Con una apariencia ligeramente respetuosa en su rostro, Songzan respondió: “Me temo que estoy en serios problemas, Padrino”.

 

“Habla”.

 

“Spectre, el primer sicario del mundo, vino a visitarme. Hirió a seis y mató a tres de mis hombres”, dijo Songzan.

 

“¿Qué has dicho? ¿Estás seguro de que es Spectre? contestó la voz desde el teléfono. La voz del hombre sonaba un poco apresurada.

 

“No tengo forma de verificar su verdadera identidad, pero dejó una Insignia Soulcatcher. Ya he visto una vez una foto de su insignia y es exactamente igual -respondió Songzan-.

 

La otra parte se quedó en silencio durante un largo rato y luego dijo con voz pesada y profunda: “Espérame allí”.

 

Mientras la llamada colgaba, Songzan pensó en lo que había ocurrido recientemente e inmediatamente llamó a su caporegime, Alloway, para que viniera inmediatamente.

 

En el Hotel Amanda de cinco estrellas.

 

Cuando Tang Xiu terminó de enseñar el diagrama de puntos de acupuntura del cuerpo humano a Zhang Xinya, la puerta de la suite fue golpeada. Cuando abrió la puerta, Spectre inmediatamente se adelantó y dijo: “He visitado a Songzan por orden tuya, jefe”.

 

“Dame los detalles”, dijo Tang Xiu.

 

Spectre reportó en detalle y finalmente dijo: “Sé que me tiene miedo y temo que ordene a sus hombres que investiguen cosas sobre mí después de que me vaya, lo cual, en extensión, lo señalará a usted, jefe”.

 

“Estaría condenado si no investigara nada sobre nosotros, dada su posición como Subjefe local”, contestó Tang Xiu con calma. “De acuerdo, que nos investigue mientras no me moleste en estos dos días. Además, necesito que investigues otra cosa”.

 

“¿Y eso es?”

 

“Necesito saber quién es el verdadero pivote del inframundo de Bangkok. Quiero saber los detalles antes de mañana por la noche si es posible.”

 

“Lo tengo”, dijo Spectre. “¿Debería ponerme en contacto con mis contactos aquí?”

 

“¿Tienes contactos en Tailandia?” preguntó Tang Xiu.

 

“Mi red de inteligencia se puede encontrar en todos los países del mundo, Jefe”, explicó Spectre, “Ellos son la gente de la Organización del viento oscuro.
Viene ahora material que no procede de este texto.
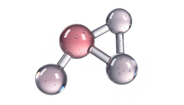 3D molecular structure model with pink and clear balls on black isolated on a transparent background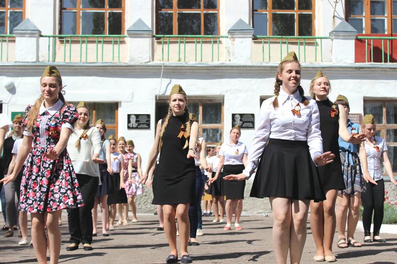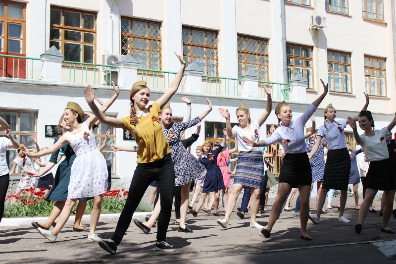 Завершил акцию студенческий флэш-моб. Сто студенток в солдатских пилотках лихо зажигали под легендарную «Катюшу».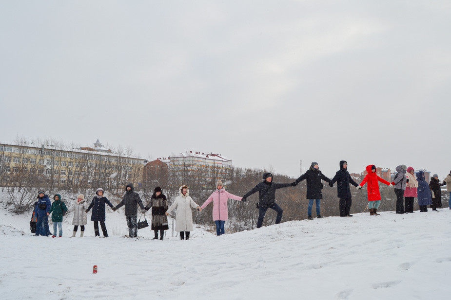 Чтобы привлечь внимание горожан к проблеме застройки, активисты вышли на акцию «обними лог». Взявшись за руки, они встали в цепочку, имитируя объятия зеленой зоны. По окончании акции участники скатились на тюбингах в лог. Как рассказал «7х7» член экодвижения «Зеленый хоровод» Дмитрий Велижанин, идею акции организаторы позаимствовали у жителей Сургута, которые, «обняв» парк, смогли добиться переноса строительства автовокзала.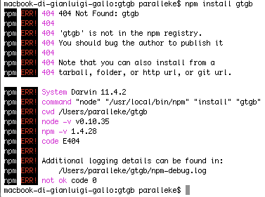 It looks like you’ve downloaded gtbg from Github rather than installing it using “npm install gtbg”. Delete the copy you’ve downloaded, and follow the install instructions.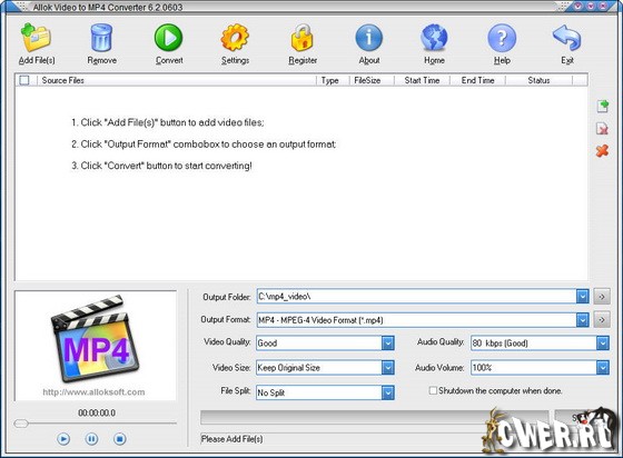 Allok Video to MP4 Converter - конвертер видео файлов различных форматов в MP4 формат. Особенности: поддержка DivX, XviD, AVI, WMV, MPG, MPEG, MP4, M4V, FLV, 3GP, ASF, RM, RMVB, MOV, ASX, MKV, OGM, SVCD, VCD, VOB и других видео форматов, пакетный режим конвертирования, выбор и настройка качества конвертирования по аудио и видео потокам отдельно, предварительный просмотр результата, высокая скорость и высокое качество, приятный и простой интерфейс.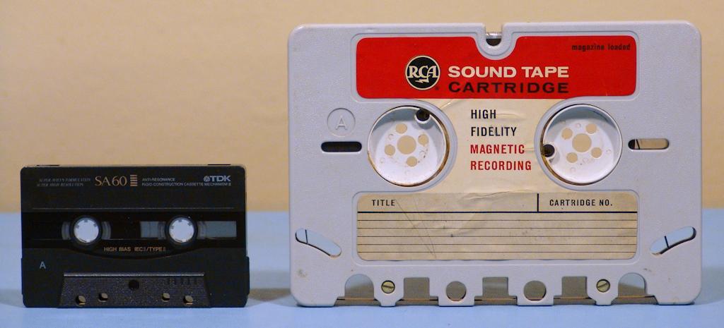 Keywords: RCAQuarterInchTapeCartridge-2.png en RCA quarter-inch tape cartridge shown with standard compact cassette for size comparison own Jeh92 2010-05-01 RCA Quarter Inch Tape Cartridge 2A png 150 Original photograph of useful or non-artistic objects RCA and TDK logos on products are small and so are considered Commons De minimis usage cc-zero Compact Cassette Magnetic audio tape |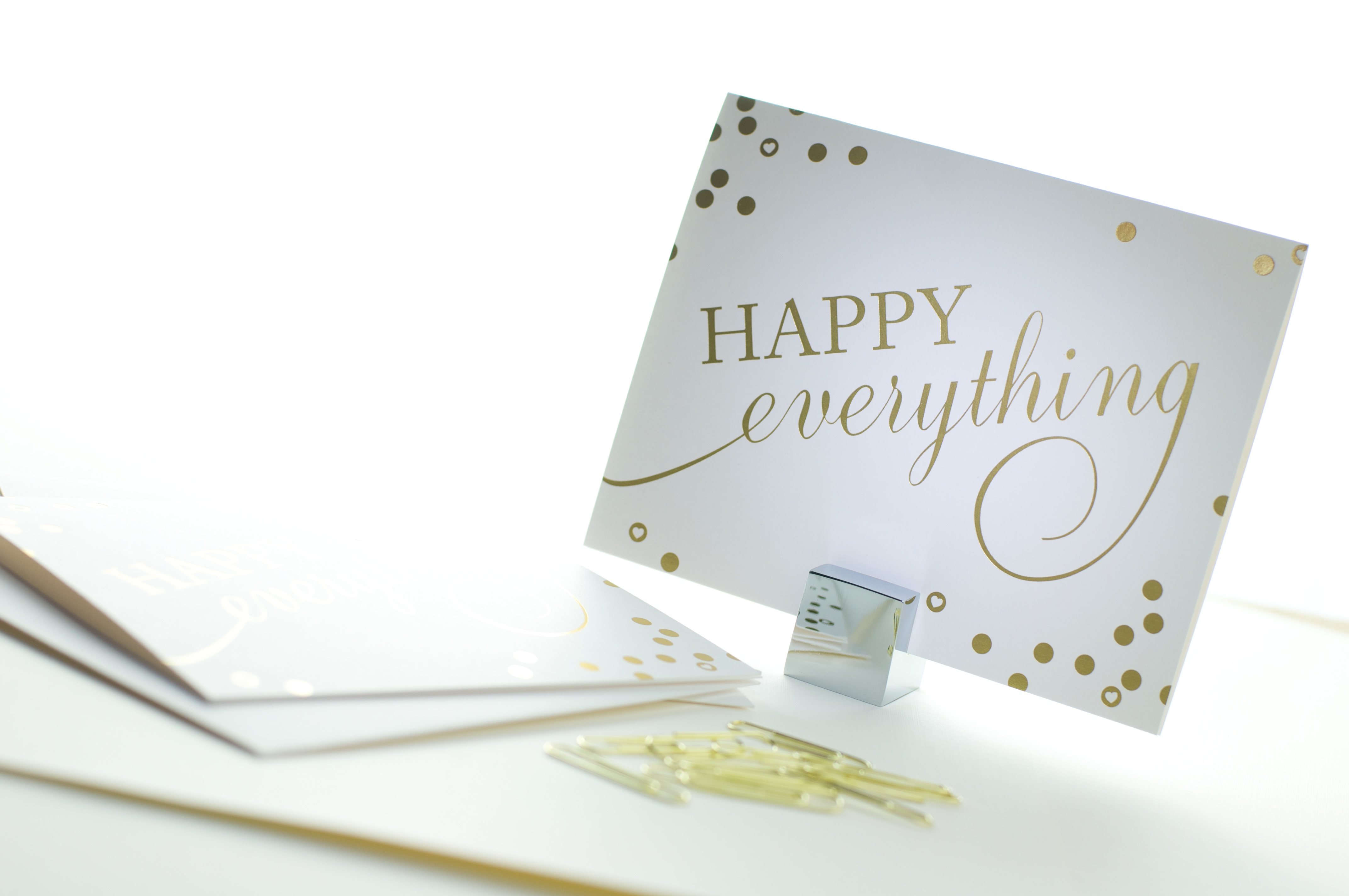 Are you looking for a card to wish a special someone a happy birthday? Happy anniversary? Why not just wish them Happy Everything!!! This lovely card will capture their hearts. - A2 size (5.5"x4.5" when folded) - Blank interior - Gold foiled on bright white cover paper - Matching white envelope - Printed locally in the US - Set of 5 cards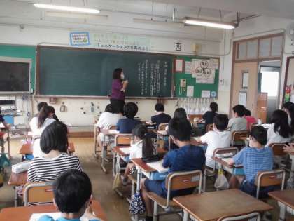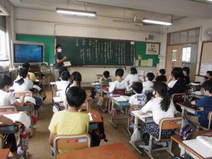 5年生は,両クラスとも国語の「和語・漢語・外来語」について学習しました。それぞれの語が何に由来するのか,どのような意味をもつのかについて読み取りました。使い方についても確かめました。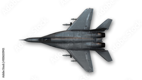 Tactical fighter jet, military plane isolated on white background, top view

Sólo necesito comprarles información si es sólo un asunto personal”.

 

“La Organización del Viento Oscuro…” La luz fría brillaba en los ojos de Tang Xiu y él dijo débilmente: “Dime cómo contactarlos”. Yo mismo les compraré la información. En cuanto a ti, no quiero que nadie te note por ahora. Ahora eres mi subordinado, para empezar.”

 

“Algunas personas ya se han dado cuenta de que soy tu hombre, jefe”, contestó Spectre.

 

“¿Te refieres a Songzan?”, dijo Tang Xiu. “No te preocupes. A menos que ocurran algunas variables, sólo le quedarán 3 días”.

 

“¿Qué variables?”, preguntó Spectre.

 

En lugar de responder, Tang Xiu dijo lentamente: “Entre los que saqué del campo de concentración de 1319, sólo te llevé conmigo a pasear afuera. Los demás están en la Isla Almeja. El hecho de que te hayas liberado de allí ya debería haber sido conocido por el mundo exterior, así que intentaremos mantenernos lo más discretos posible para no ser el objetivo de algunas fuerzas”.